The recent announcement from the European Medicines Agency that it will make all trial data openly available from 2014 is hugely welcome, but it applies only to new drugs so will not immediately resolve the problem we are seeing with oseltamivir and other drugs already in use. It is my understanding that NICE can ask for additional information from a company, but in the case of Tamiflu you did not do so. As a vocal fan of NICE since its inception,8 I am sorry to see you outshone by another organisation that has shown the necessary muscle when confronted with drug manufacturers who withhold clinical trial data. When the Institute for Quality and Efficiency in Healthcare (IQWIG) in Germany realised that it was not being given the full story on Pfizer’s drug reboxetine, it told the company that it would only approve the drug for reimbursement if all the data were provided. Pfizer delivered up the data, nearly three quarters of which had never been published.

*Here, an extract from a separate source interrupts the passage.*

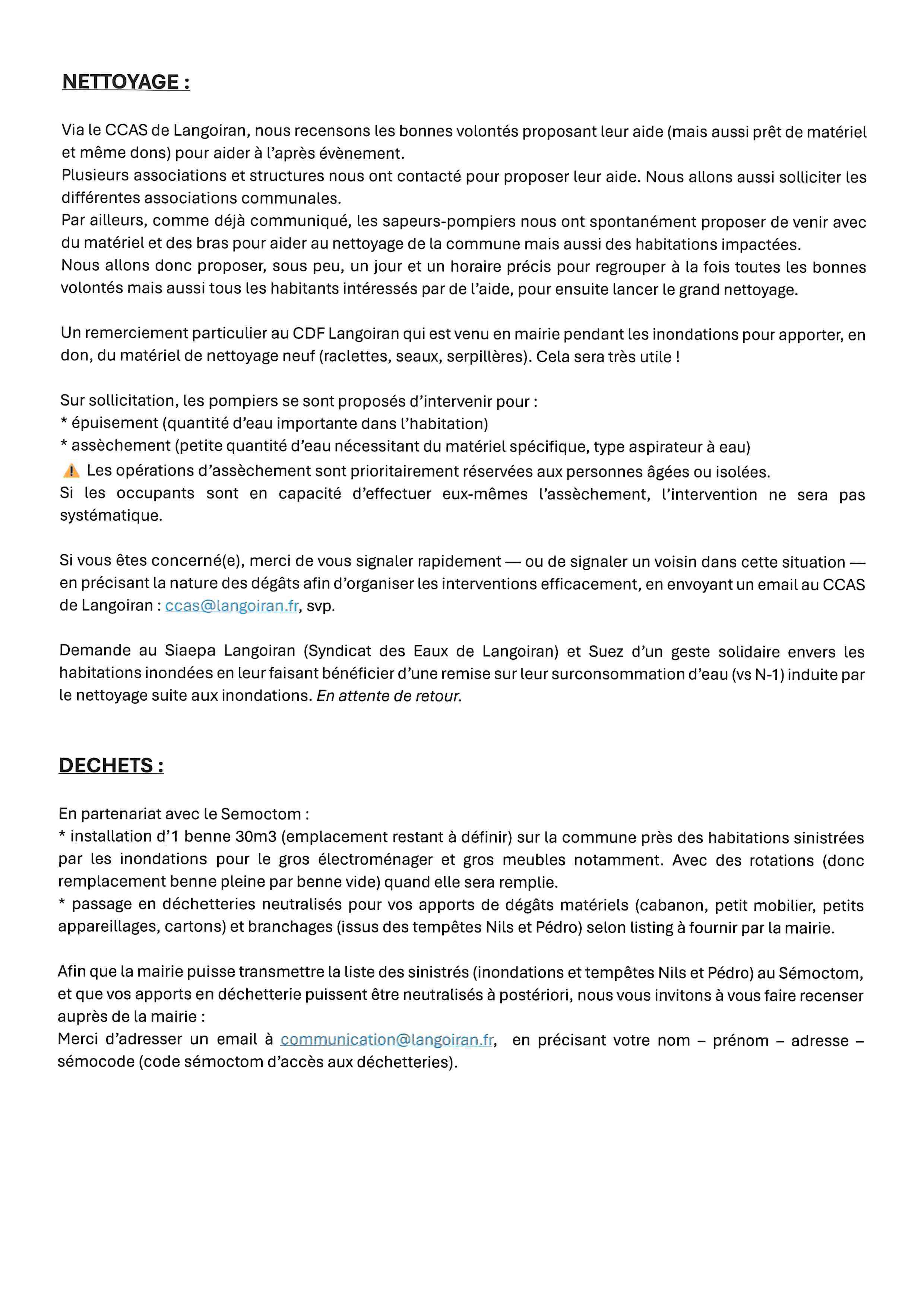 Suite aux épisodes de tempête et d'inondations ayant touché notre commune, un dispositif exceptionnel d'accompagnement des sinistrés a été mis en place par esprit de solidarité. Ce dispositif a permis de faciliter la gestion des déchets après sinistre, grâce à :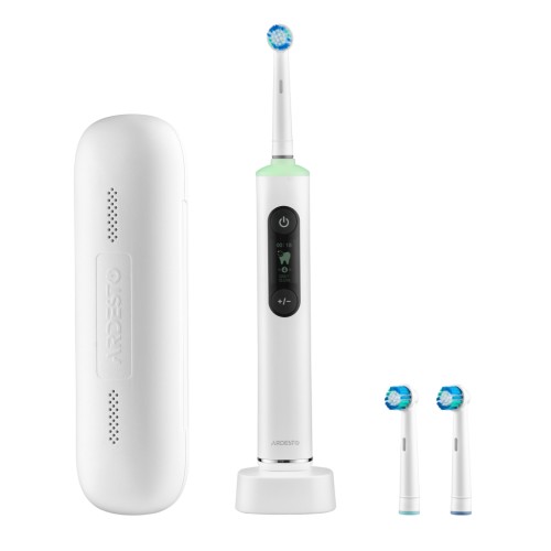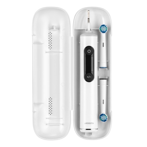 Електрична зубна щітка ARDESTO працює зі швидкістю 6 800–10 000 об./хв і підтримує п’ять режимів чищення з п’ятьма рівнями інтенсивності. Щетинки DuPont і Pedex середньої жорсткості ефективно видаляють наліт, а їх знебарвлення слугує індикатором зношування насадки. Модель оснащено LCD-дисплеєм, смарттаймером, функцією пам’яті, сенсором надмірного натискання і кольоровою світловою індикацією. Акумулятор 800 мА·год забезпечує до 90 хв автономної роботи, що еквівалентно понад трьом тижням використання (двічі на день по 2 хв). Заряджання здійснюється в бездротовий спосіб. У комплекті: три насадки, індуктивна зарядна база з USB-кабелем, захисний ковпачок і дорожній футляр.

Analysis of the full dataset showed the drug to be ineffective and possibly harmful. Although this was a bad outcome for Pfizer, I think you will agree that it was an important victory for public health. IQWIG’s published systematic review and meta-analysis on reboxetine is the only place that doctors and patients can access a complete picture of the results of all clinical trials on this drug.9 This episode shows the crucial role of national health technology appraisal in ensuring that all evidence is made available for doctors and patients to make informed decisions while so many clinical trials remain inaccessible through other means.
Mike, you are in a unique position in the UK and are rightly looked to from around the world for leadership on these issues. When NICE approves a drug for NHS use, NICE should also obtain the data that support its use and should make those data available in anonymised form for independent scrutiny. NICE should also mandate the access to post marketing studies, given there are instances (for example, with rosiglitazone) where new evidence overturns the initial guidance.
Now that serious doubts have been raised about the evidence behind claims for oseltamivir’s effectiveness and safety, I am asking you to withdraw approval for oseltamivir until NICE has received and reviewed the full clinical trial data and those anonymised data are available for independent scrutiny.